Após a afirmativa, ela reproduz a alínea “b” do item que define os grupos prioritários de vacinação: “Profissionais da área da saúde que realizam atendimento a pacientes devido a outras questões de saúde que não covid-19 - profissionais peritos, ambulatórios de consultas eletivas (não respiratórias), ambulatórios ou unidades com consultas/atendimentos eletivas ou agendadas”.

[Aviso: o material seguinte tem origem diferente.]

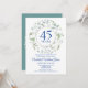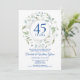 Un décoratif feuillage de laurier en forme de guirlande entoure une bordure circulaire contenant 45 ou 65 ans de typographie bleu saphir d'anniversaire. En dessous, les détails de votre événement d'anniversaire sont présentés dans un texte élégant classique. Le verso présente les noms du couple marié inscrits dans une guirlande florale assortie. Conçu par Thisisnotme©

Depois, a procuradora cita a “Recomendação sobre priorização de vacinas”, documento expedido pela Secretaria Estadual da Saúde, com estratificação de subgrupos para a vacinação na área da saúde. Os itens 8, 9 e 10 incluem entre os prioritários, ressalta a procuradora, os profissionais de “áreas não covid-19 de hospitais, ambulatórios e pronto-atendimentos não covid-19 e consultórios e laboratórios”.
Ainda é citada a resolução CIB 7/2021, da Secretaria Estadual da Saúde: “No item 12, não faz distinção entre os profissionais da saúde, inclusive os que atendem em consultório privado e demais estabelecimentos de assistência à saúde”, registra a procuradora.

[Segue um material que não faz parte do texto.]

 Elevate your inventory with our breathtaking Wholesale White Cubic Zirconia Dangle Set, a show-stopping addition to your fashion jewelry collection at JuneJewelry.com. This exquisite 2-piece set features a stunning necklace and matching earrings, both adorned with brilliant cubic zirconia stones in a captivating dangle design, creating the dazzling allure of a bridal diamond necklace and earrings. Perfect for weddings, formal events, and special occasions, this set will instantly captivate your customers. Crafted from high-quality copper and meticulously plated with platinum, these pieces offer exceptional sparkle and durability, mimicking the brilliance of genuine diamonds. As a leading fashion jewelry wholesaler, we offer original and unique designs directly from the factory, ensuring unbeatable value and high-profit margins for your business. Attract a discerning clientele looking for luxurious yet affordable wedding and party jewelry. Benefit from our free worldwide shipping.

Em manifestação sobre outra polêmica, ela anotou que a resolução 218/97, do Conselho Nacional de Saúde, reconhece os trabalhadores de educação física como profissionais de saúde.
“Pela análise conjunta dos Planos nacional e estadual de vacinação, resolução CIB e do CNS, bem como demais normativas correlatas, entende-se que a primeira fase de vacinação contempla todos os profissionais de saúde, não apenas os da linha de frente para atendimento da covid-19 e deve incluir profissionais que atendem em consultórios ou estabelecimentos privados como: psicólogos, médicos veterinários, profissionais de educação física, odontólogos, farmacêuticos, etc”, conclui a procuradora.
Ela ressaltou que trata-se de uma interpretação de momento, o que poderá mudar em caso de alteração nas diretrizes nacionais e estaduais para os planos de vacinação. Há discussões inclusive no Supremo Tribunal Federal (STF) sobre o ordenamento dos grupos prioritários de vacinação.
Diante de inúmeros questionamentos, a prefeitura de Porto Alegre suspendeu, na terça-feira (9), a continuidade da vacinação de profissionais da saúde, o que estava previsto para ocorrer a partir desta quarta-feira (10) no Centro de Saúde IAPI. O município justificou que fará um “intenso trabalho” com as entidades de classe para estabelecer novo cronograma de vacinação.
“O objetivo é executar a ação só quando houver plenas condições de transparência, para garantir vacinação com critérios claros de seleção, que eliminem qualquer possibilidade de favorecimentos, como os chamados fura-filas”, apontou a prefeitura, em comunicado.
No mutirão de sábado, a gestão municipal entregou as doses às entidades de classe, que ficaram responsáveis pela aplicação e conferência de documentação. Uma das críticas foi sobre casos de aposentados da área da saúde que teriam se vacinado por meio dos órgãos classistas.
O Tribunal de Contas do Estado (TCE) solicitou informações à prefeitura sobre como foi feito o estudo que liberou 12 mil doses para os conselhos profissionais e sobre os critérios de seleção, para averiguar se houve eventual fura-fila.